Audio Encoder and Decoder with Long Term Prediction

PublishedJuly 23, 2013

Assigneenot available in USPTO data we have

InventorsArijit Biswas Heiko Purnhagen Kristofer Kjoerling Barbara Resch Lars Villemoes+1 more

Technical Abstract

Patent Claims

31 claims

Legal claims defining the scope of protection, as filed with the USPTO.

1. Audio coding system comprising: a linear prediction unit for filtering an input signal based on an adaptive filter; a transformation unit for transforming a frame of the filtered input signal into a transform domain; a long term prediction unit for determining an estimation of the frame of the filtered input signal based on a reconstruction of a previous segment of the filtered input signal; and a transform domain signal combination unit for combining, in the transform domain, the long term prediction estimation and the transformed input signal to generate a combined transform domain signal, a quantization unit for quantizing the combined transform domain signal; wherein the long term prediction unit comprises: a long term prediction extractor for determining a lag value specifying the reconstructed segment of the filtered signal that best fits the current frame of the filtered input signal; and a virtual vector generator to generate an extended segment of the reconstructed signal when the lag value is smaller than a frame length of the transformation unit, wherein the virtual vector generator applies an iterative fold-in fold-out procedure to refine the generated segment of the reconstructed signal, and wherein the audio coding system further comprises a processor coupled to one or more of the linear prediction unit, the transformation unit, the long term prediction unit, the transform domain signal combination unit, or the quantization unit.
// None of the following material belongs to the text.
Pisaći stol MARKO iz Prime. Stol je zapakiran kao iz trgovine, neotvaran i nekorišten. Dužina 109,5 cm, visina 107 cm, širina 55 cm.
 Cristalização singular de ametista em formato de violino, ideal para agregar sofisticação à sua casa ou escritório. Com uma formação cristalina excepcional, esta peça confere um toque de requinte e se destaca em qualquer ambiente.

2. Audio coding system of claim 1 , comprising: an inverse quantization and inverse transformation unit for generating a time domain reconstruction of the frame of the filtered input signal; and a long term prediction buffer for storing time domain reconstructions of previous frames of the filtered input signal.
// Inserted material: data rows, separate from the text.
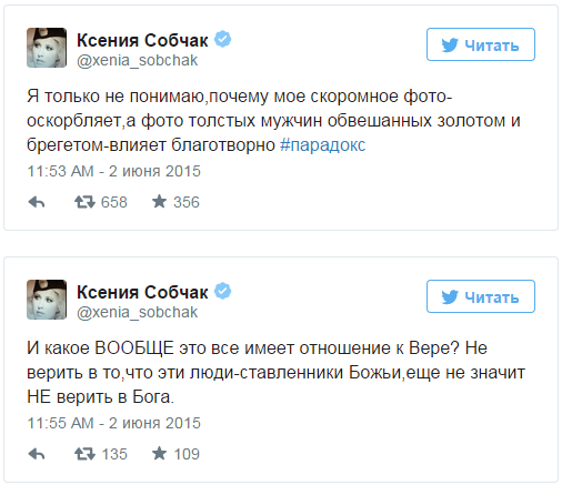 «Я тільки не розумію, чому моє скоромне фото ображає, а фото товстих чоловіків, обвішаних золотом і брегетом (марка швейцарських годинників класу «люкс». – ред. ) впливає благотворно. І який це все має стосунок до Віри? Не вірити в те, що ці люди – ставленики Божі, ще не означає не вірити в Бога», написала Собчак у Twitter.
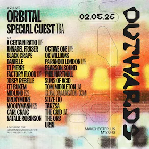 the ORB | Orbital | Moodymann | Danielle | Black Grape | LTJ Bukem | Carl Craig | Octave One | A Certain Ratio | Paranoid London | Midland (UK) | Pearson Sound | tom middleton | DJ PIERRE | Factory Floor | Phil Hartnoll | Josey Rebelle | rRoxymore | Annabel Fraser | OK Williams | Suze Ijó | Tarzsa | Suns Of Acid | Urbi | Natalie Robinson
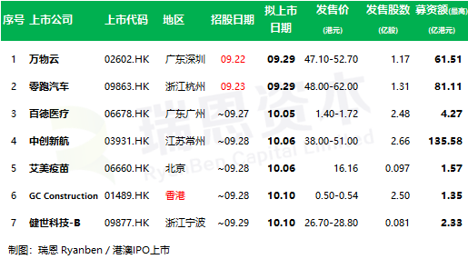 同时万物云(02602.HK)、零跑汽车(09863.HK)这2家已结束招股,预计将在9月29日上市,此外还有5家包括百德医疗(06678.HK)、中创新航(03931.HK)、艾美疫苗(06660.HK)、GC Construction(01489.HK)、健世科技-B(09877.HK)等5家于仍在招股中,预计将于10月上市挂牌上市,目前看至少有7家预期将于未来两周在港交所IPO。

3. Audio coding system of claim 1 , wherein the adaptive filter for filtering the input signal is based on a Linear Prediction Coding (LPC) analysis operating on a first frame length and producing a whitened input signal, and the transformation applied to the frame of the filtered input signal is a Modified Discrete Cosine Transform (MDCT) operating on a variable second frame length.

4. Audio coding system of claim 3 , comprising: a window sequence control unit for determining, for a block of the input signal, the second frame lengths for overlapping MDCT windows by minimizing a coding cost function for the input signal block.

5. Audio coding system of claim 4 , wherein the MDCT window lengths are dyadic partitions of the input signal block.

6. Audio coding system of claim 4 , wherein the window sequence control unit is configured to consider long term prediction estimations generated by the long term prediction unit for window length candidates when searching for the sequence of MDCT window lengths that minimizes the coding cost function for the input signal block.

7. Audio coding system of claim 4 , comprising a window sequence encoder for jointly encoding MDCT window lengths and window shapes in a sequence.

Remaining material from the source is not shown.